In the New Hampshire debate, Mr. McCain asserted that corruption is the reason drugs cannot be reimported from Canada. The reason is "the power of the pharmaceutical companies." When Mitt Romney interjected, "Don't turn the pharmaceutical companies into the big bad guys," Mr. McCain replied, "Well, they are."

There is a place in American politics for moralizers who think in such Manichaean simplicities. That place is in the Democratic Party.

David Keene, chairman of the American Conservative Union, agrees that McCain has gotten a free pass. "Other candidates who change their positions on important issues are described as 'flip-floppers,' but John McCain is viewed as that rare politician whose views on important issues have 'matured' over the years," he wrote recently. "From taxes to his relationship with social conservatives and his position on Second Amendment or 'gun' issues, McCain has shown an unending willingness to do just what he so self-righteously accuses others of doing—tailoring his position to suit his needs of the moment."
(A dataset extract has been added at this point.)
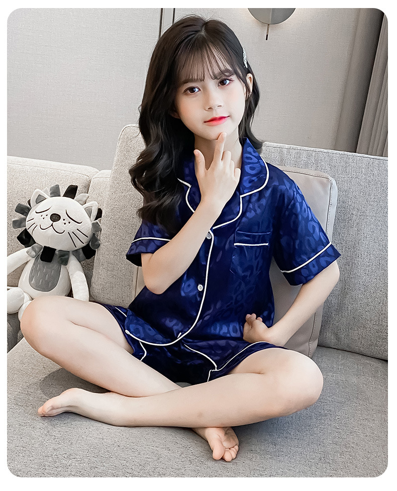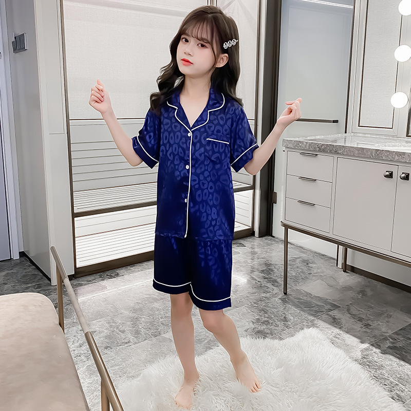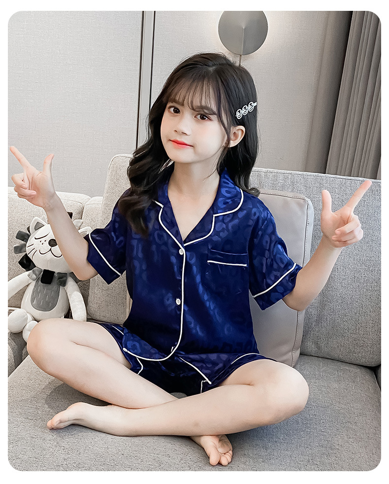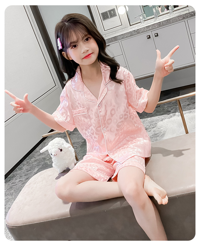 어린이 잠옷 여름 여아 가정 옷 얇은 반팔 어머니-딸 부모-자식 옷 에어컨 옷 세트스토어 가기

All of these attacks have forced McCain to take to the airwaves to defend his record, which he says is conservative enough to match "anybody who is running." Yet the voters don't seem terribly concerned by McCain's transgressions against conservative orthodoxy: after all, he has won more contested* primaries than any other GOP candidate. He has prevailed by emphasizing his national security credentials and by adopting a fiscally conservative message. (According to exit polls, he has attracted voters who prioritize terrorism and Iraq, as well as those who prioritize the economy.) But more important than any part of his message, McCain has won by appealing to independents, who carried him to victory in New Hampshire and South Carolina. McCain actually lost narrowly amongst self-identified Republicans in both states.

But McCain's independent appeal could pose a problem in the upcoming Florida primary and on Super Tuesday, when over 20 states hold primaries or caucuses. Unlike New Hampshire and South Carolina, which have open Republican primaries that allow independents to vote, Florida and many of the major Super Tuesday states have closed primaries that are limited to registered Republicans only.
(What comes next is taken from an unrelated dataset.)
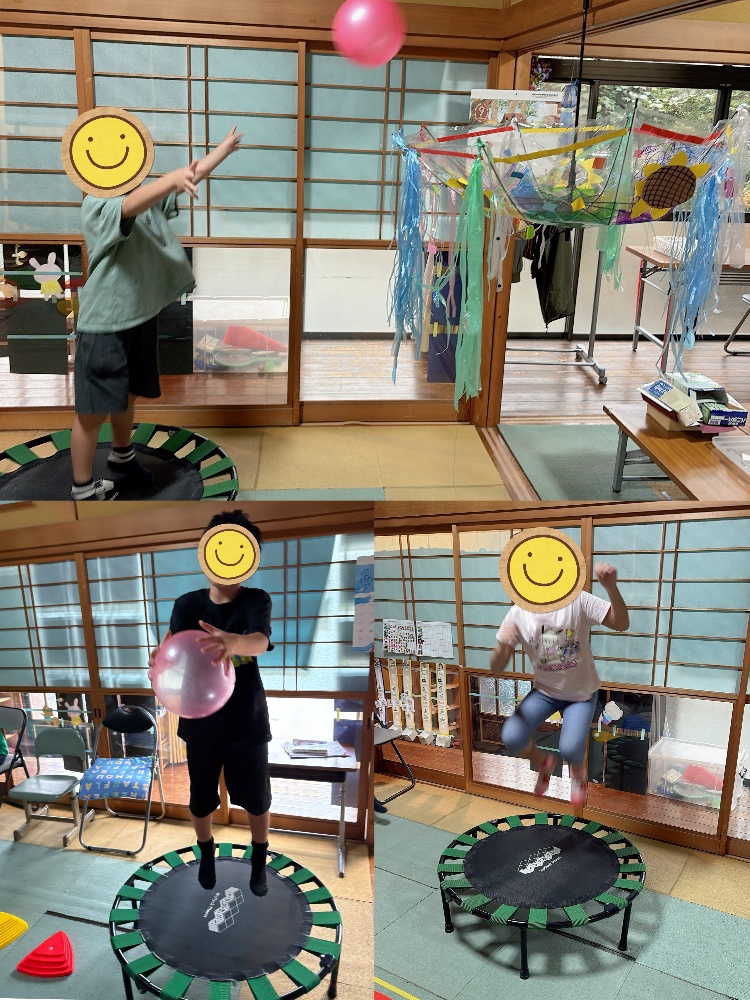 トランポリンでは、体幹を鍛え姿勢保持につなげます。

If McCain wins in Florida, the conservative leaders who are already up in arms about his candidacy will have to conclude that they are out of step with their constituents, or that party members have been successfully snake-charmed by a man they despise. If that's the case, the conservative backlash against McCain has barely begun.

*This article has been corrected to reflect the fact that McCain has won more contested primaries (NH, SC). Romney has won more primaries total because of his victories in two uncontested states (NV, WY).